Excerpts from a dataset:
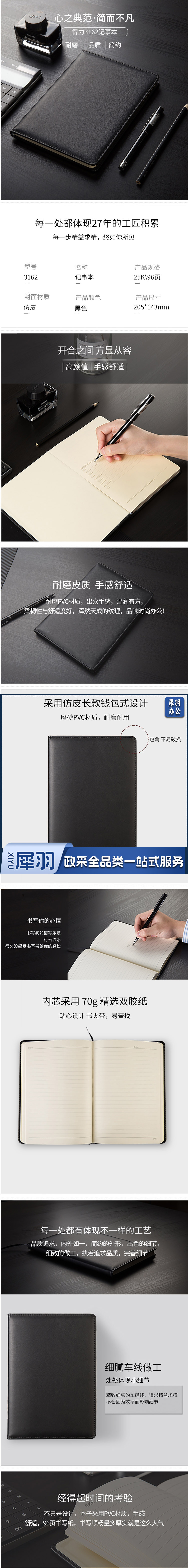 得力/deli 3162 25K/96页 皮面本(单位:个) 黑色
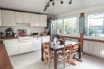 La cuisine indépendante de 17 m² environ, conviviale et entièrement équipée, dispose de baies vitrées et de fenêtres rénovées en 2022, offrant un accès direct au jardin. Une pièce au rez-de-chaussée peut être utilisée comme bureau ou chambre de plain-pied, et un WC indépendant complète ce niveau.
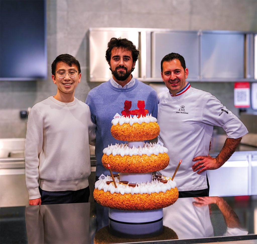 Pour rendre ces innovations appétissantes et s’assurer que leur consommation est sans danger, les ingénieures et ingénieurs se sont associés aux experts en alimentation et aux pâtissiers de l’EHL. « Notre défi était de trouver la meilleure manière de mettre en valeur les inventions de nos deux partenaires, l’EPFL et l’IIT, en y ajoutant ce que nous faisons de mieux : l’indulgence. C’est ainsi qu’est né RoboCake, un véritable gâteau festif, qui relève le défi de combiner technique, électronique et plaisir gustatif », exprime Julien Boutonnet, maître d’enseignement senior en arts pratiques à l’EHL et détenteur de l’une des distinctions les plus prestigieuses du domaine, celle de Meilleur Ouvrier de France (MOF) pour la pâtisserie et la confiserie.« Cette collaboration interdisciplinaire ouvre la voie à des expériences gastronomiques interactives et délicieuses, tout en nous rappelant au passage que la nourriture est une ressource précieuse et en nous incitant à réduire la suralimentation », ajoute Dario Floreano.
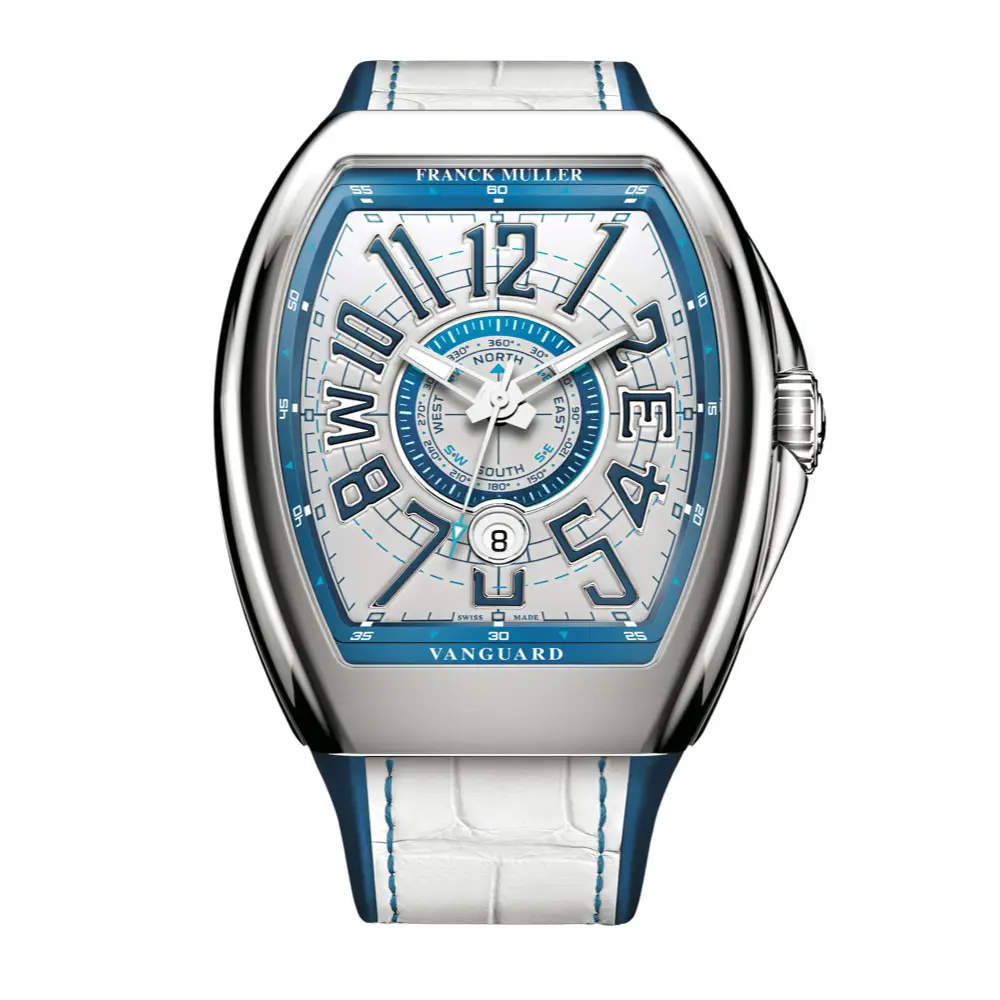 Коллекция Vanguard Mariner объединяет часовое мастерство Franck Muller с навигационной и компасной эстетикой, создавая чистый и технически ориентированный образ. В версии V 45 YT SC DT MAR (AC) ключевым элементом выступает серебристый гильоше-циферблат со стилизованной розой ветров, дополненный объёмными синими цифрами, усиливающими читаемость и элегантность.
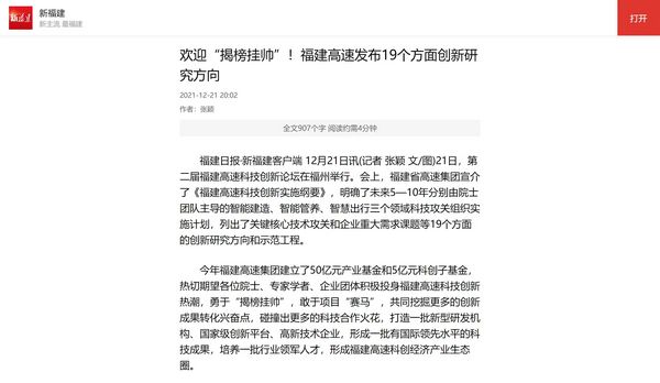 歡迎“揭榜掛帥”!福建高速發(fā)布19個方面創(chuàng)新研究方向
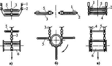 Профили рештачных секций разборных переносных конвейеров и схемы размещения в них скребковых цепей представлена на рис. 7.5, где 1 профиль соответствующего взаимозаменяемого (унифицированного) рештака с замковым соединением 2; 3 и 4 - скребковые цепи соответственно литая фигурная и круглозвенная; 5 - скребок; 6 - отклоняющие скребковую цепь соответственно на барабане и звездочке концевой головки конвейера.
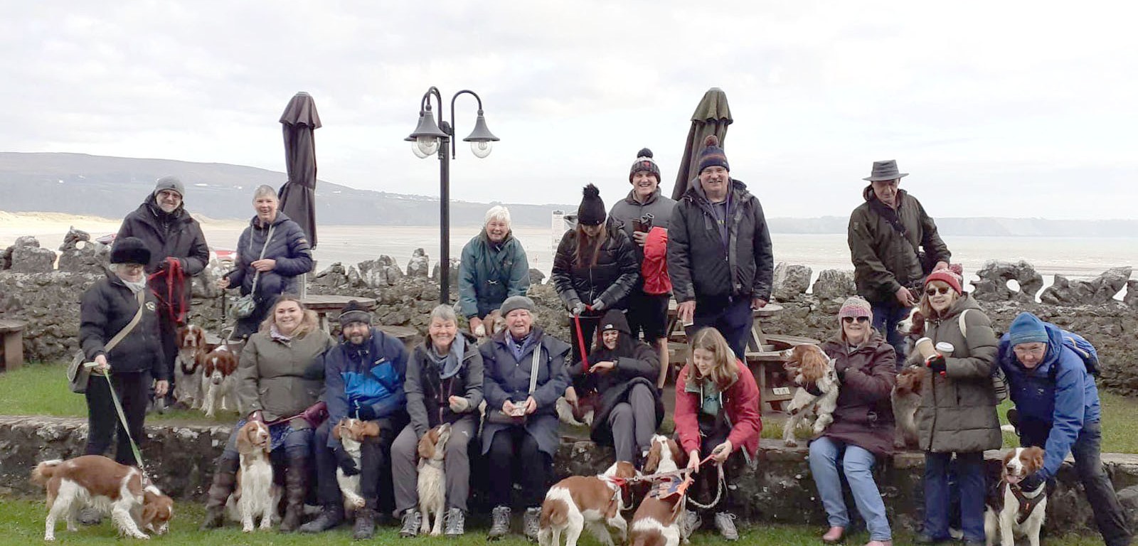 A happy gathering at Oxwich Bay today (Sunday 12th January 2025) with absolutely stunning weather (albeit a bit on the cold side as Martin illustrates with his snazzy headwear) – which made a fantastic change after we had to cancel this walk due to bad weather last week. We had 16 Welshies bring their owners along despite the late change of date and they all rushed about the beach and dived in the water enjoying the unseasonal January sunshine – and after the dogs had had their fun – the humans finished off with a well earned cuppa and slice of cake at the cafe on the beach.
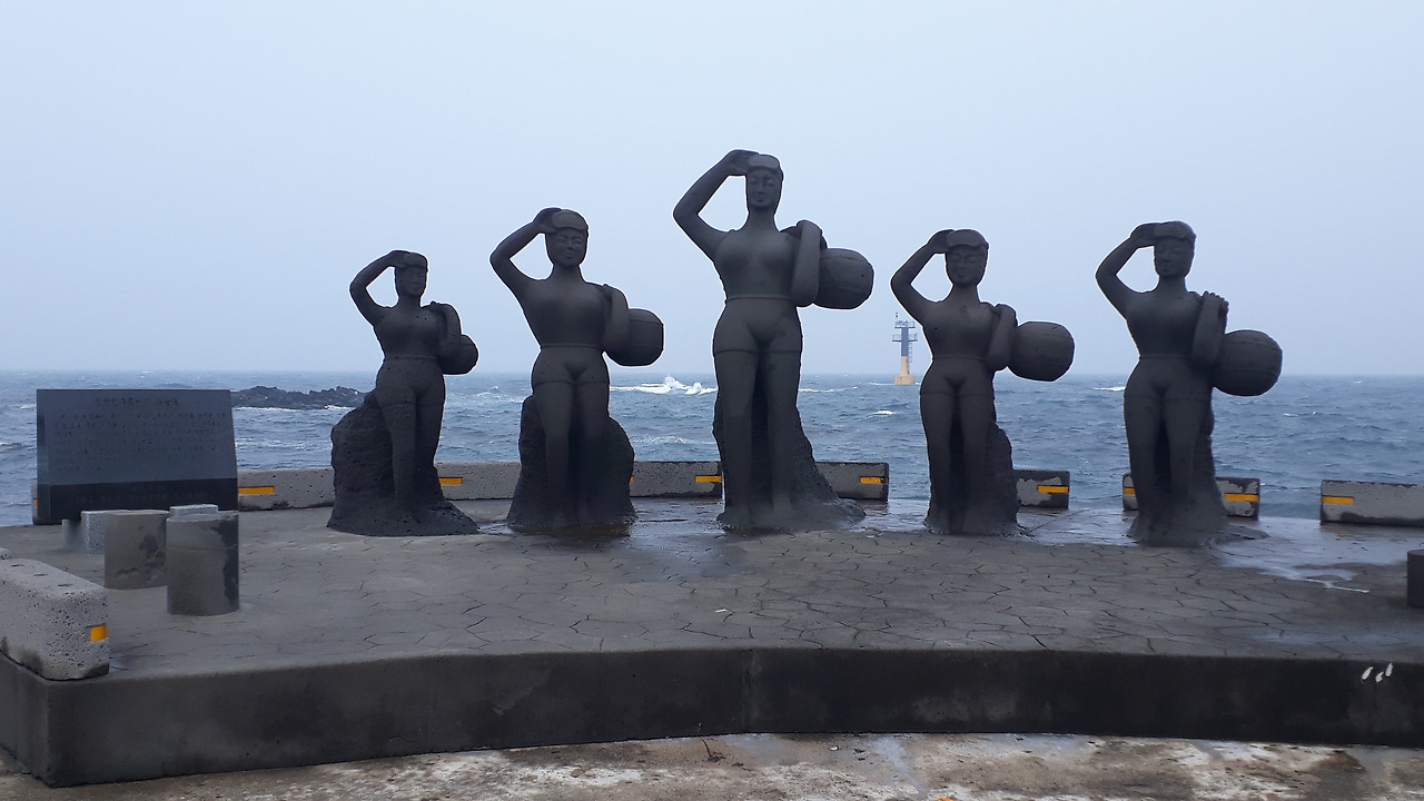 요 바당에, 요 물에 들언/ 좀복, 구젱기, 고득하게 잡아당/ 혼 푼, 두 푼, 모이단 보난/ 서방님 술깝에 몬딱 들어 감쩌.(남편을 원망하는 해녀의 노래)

WHAT YOU HAVE TO DO: Restate the data above word for word, so that the only difference is the missing pictures.

OUTPUT FOR THIS TASK:
 得力/deli 3162 25K/96页 皮面本(单位:个) 黑色
 La cuisine indépendante de 17 m² environ, conviviale et entièrement équipée, dispose de baies vitrées et de fenêtres rénovées en 2022, offrant un accès direct au jardin. Une pièce au rez-de-chaussée peut être utilisée comme bureau ou chambre de plain-pied, et un WC indépendant complète ce niveau.
 Pour rendre ces innovations appétissantes et s’assurer que leur consommation est sans danger, les ingénieures et ingénieurs se sont associés aux experts en alimentation et aux pâtissiers de l’EHL. « Notre défi était de trouver la meilleure manière de mettre en valeur les inventions de nos deux partenaires, l’EPFL et l’IIT, en y ajoutant ce que nous faisons de mieux : l’indulgence. C’est ainsi qu’est né RoboCake, un véritable gâteau festif, qui relève le défi de combiner technique, électronique et plaisir gustatif », exprime Julien Boutonnet, maître d’enseignement senior en arts pratiques à l’EHL et détenteur de l’une des distinctions les plus prestigieuses du domaine, celle de Meilleur Ouvrier de France (MOF) pour la pâtisserie et la confiserie.« Cette collaboration interdisciplinaire ouvre la voie à des expériences gastronomiques interactives et délicieuses, tout en nous rappelant au passage que la nourriture est une ressource précieuse et en nous incitant à réduire la suralimentation », ajoute Dario Floreano.
 Коллекция Vanguard Mariner объединяет часовое мастерство Franck Muller с навигационной и компасной эстетикой, создавая чистый и технически ориентированный образ. В версии V 45 YT SC DT MAR (AC) ключевым элементом выступает серебристый гильоше-циферблат со стилизованной розой ветров, дополненный объёмными синими цифрами, усиливающими читаемость и элегантность.
 歡迎“揭榜掛帥”!福建高速發(fā)布19個方面創(chuàng)新研究方向
 Профили рештачных секций разборных переносных конвейеров и схемы размещения в них скребковых цепей представлена на рис. 7.5, где 1 профиль соответствующего взаимозаменяемого (унифицированного) рештака с замковым соединением 2; 3 и 4 - скребковые цепи соответственно литая фигурная и круглозвенная; 5 - скребок; 6 - отклоняющие скребковую цепь соответственно на барабане и звездочке концевой головки конвейера.
 A happy gathering at Oxwich Bay today (Sunday 12th January 2025) with absolutely stunning weather (albeit a bit on the cold side as Martin illustrates with his snazzy headwear) – which made a fantastic change after we had to cancel this walk due to bad weather last week. We had 16 Welshies bring their owners along despite the late change of date and they all rushed about the beach and dived in the water enjoying the unseasonal January sunshine – and after the dogs had had their fun – the humans finished off with a well earned cuppa and slice of cake at the cafe on the beach.
 요 바당에, 요 물에 들언/ 좀복, 구젱기, 고득하게 잡아당/ 혼 푼, 두 푼, 모이단 보난/ 서방님 술깝에 몬딱 들어 감쩌.(남편을 원망하는 해녀의 노래)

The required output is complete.